Ruleset covering algorithms for explainable machine learning
Project description
wittgenstein
And is there not also the case where we play and--make up the rules as we go along?
-Ludwig Wittgenstein
Summary
This package implements two interpretable coverage-based ruleset algorithms: IREP and RIPPERk, as well as additional features for model interpretation.
Performance is similar to sklearn's DecisionTree CART implementation (see Performance Tests).
For explanation of the algorithms, see my article in Towards Data Science, or the papers below, under Useful References.
Installation
To install, use
$ pip install wittgenstein
To uninstall, use
$ pip uninstall wittgenstein
Requirements
- pandas
- numpy
- python version>=3.6
Usage
Usage syntax is similar to sklearn's.
Training
Once you have loaded and split your data...
>>> import pandas as pd
>>> df = pd.read_csv(dataset_filename)
>>> from sklearn.model_selection import train_test_split # Or any other mechanism you want to use for data partitioning
>>> train, test = train_test_split(df, test_size=.33)

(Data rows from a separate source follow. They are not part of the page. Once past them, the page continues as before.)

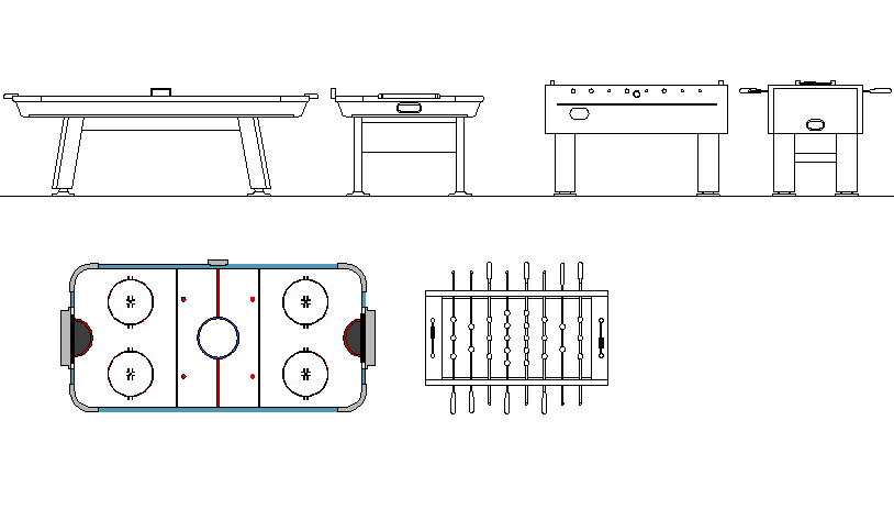 Table football and air hockey detail dwg file, with plan and elevation detail, etc.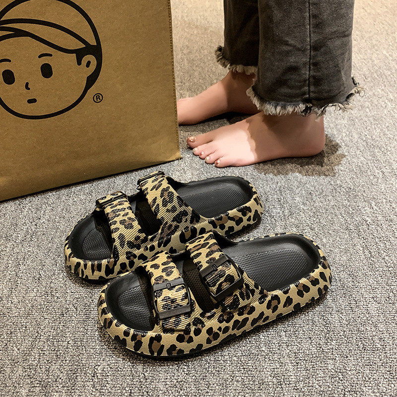 女士豹纹一字沙滩拖鞋夏季外穿厚底新款凉鞋平底休闲度假增高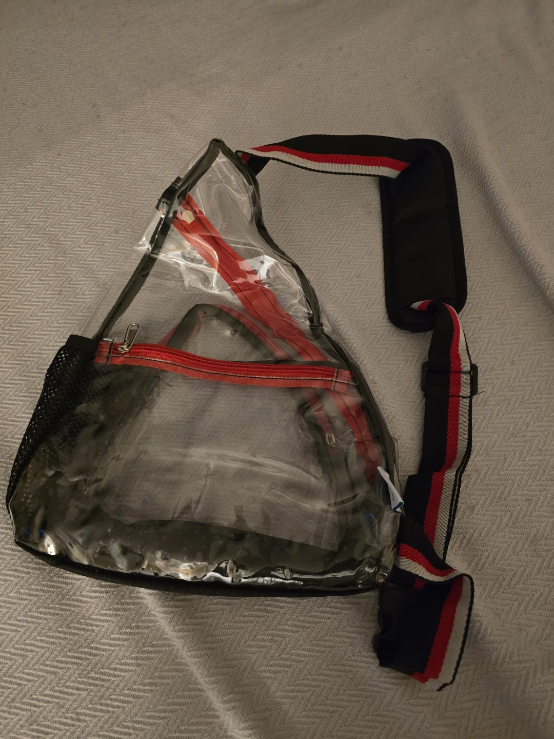 This clear sling bag features a main zippered compartment and a front zippered pocket. It has red zipper pulls and trim, with black mesh side pockets. The adjustable strap has a padded shoulder rest.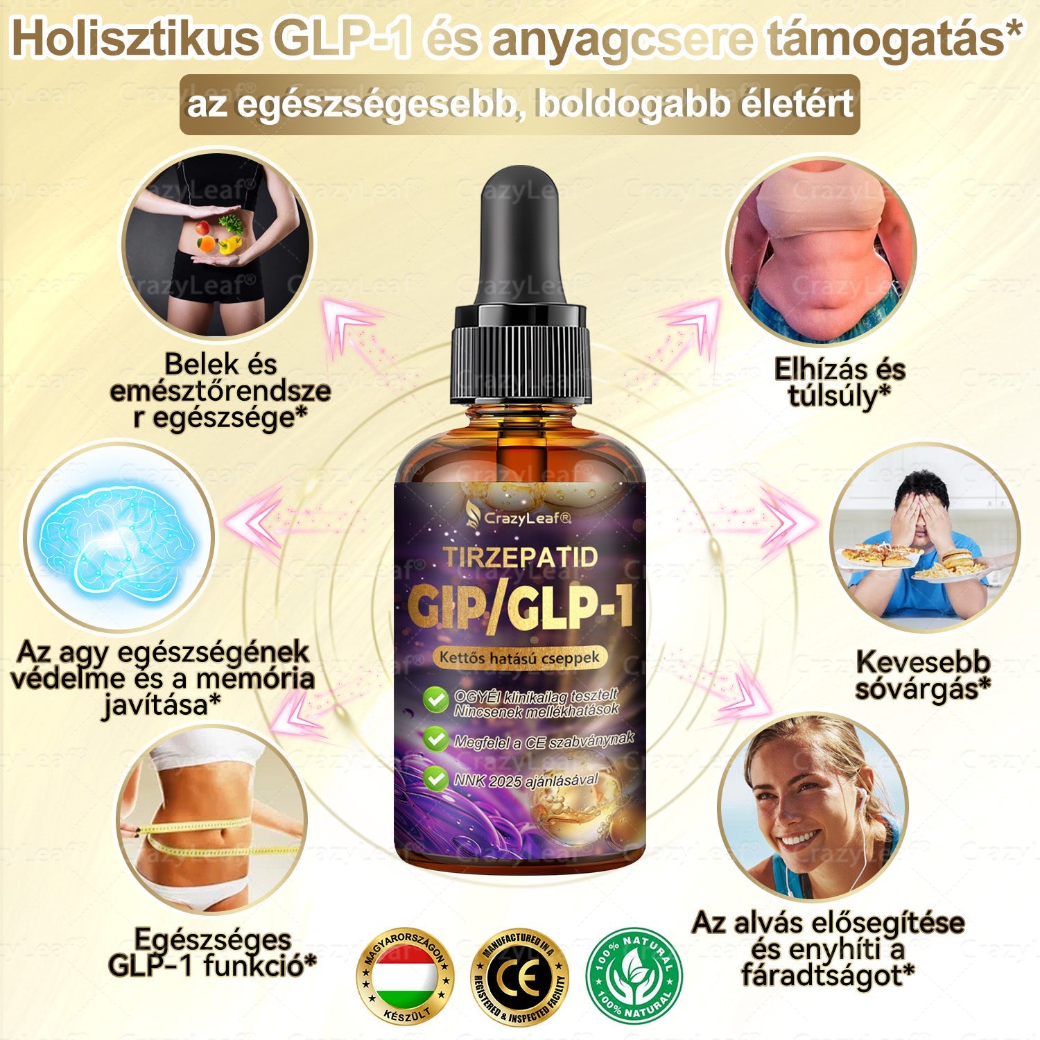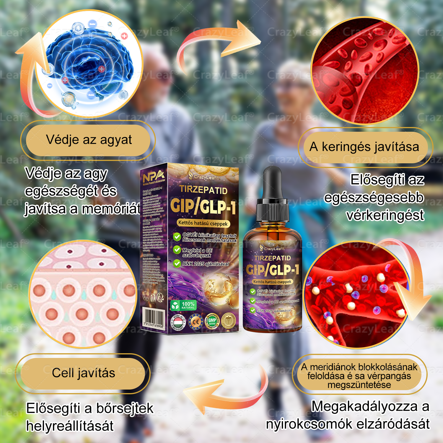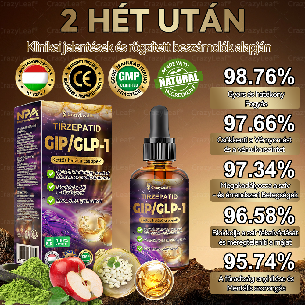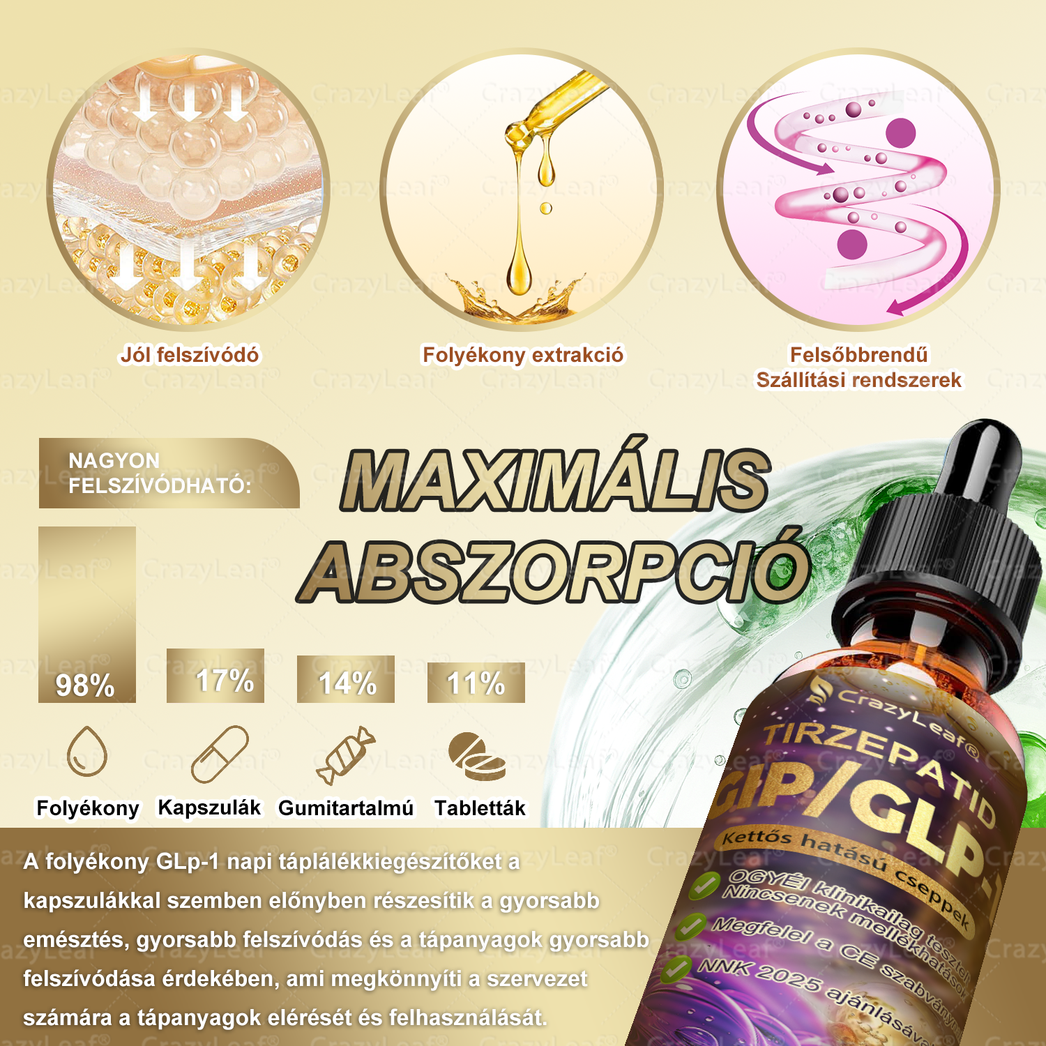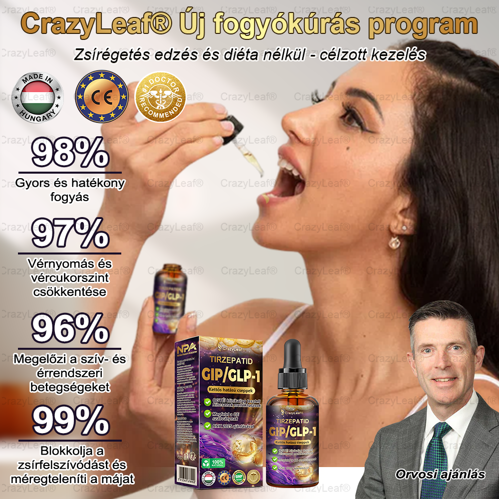 CrazyLeaf® Tirzepatide GIP/GLP-1 kettős hatású karcsúsító és egészségfokozó cseppek | A Budapesti Orvosi Esztétikai és Elhízás Klinikák támogatásával (Klinikailag ihletett, élelmiszeripari minőségű zsírégető )

Use the fit method to train a RIPPER or IREP classifier:
>>> import wittgenstein as lw
>>> ripper_clf = lw.RIPPER() # Or irep_clf = lw.IREP() to build a model using IREP
>>> ripper_clf.fit(df, class_feat='Poisonous/Edible', pos_class='p') # Or pass X and y data to .fit
>>> ripper_clf
<RIPPER(max_rules=None, random_state=2, max_rule_conds=None, verbosity=0, max_total_conds=None, k=2, prune_size=0.33, dl_allowance=64, n_discretize_bins=10) with fit ruleset> # Hyperparameter details available in the docstrings and TDS article below
Access the underlying trained model with the ruleset_ attribute, or output it with out_model(). A ruleset is a disjunction of conjunctions -- 'V' represents 'or'; '^' represents 'and'.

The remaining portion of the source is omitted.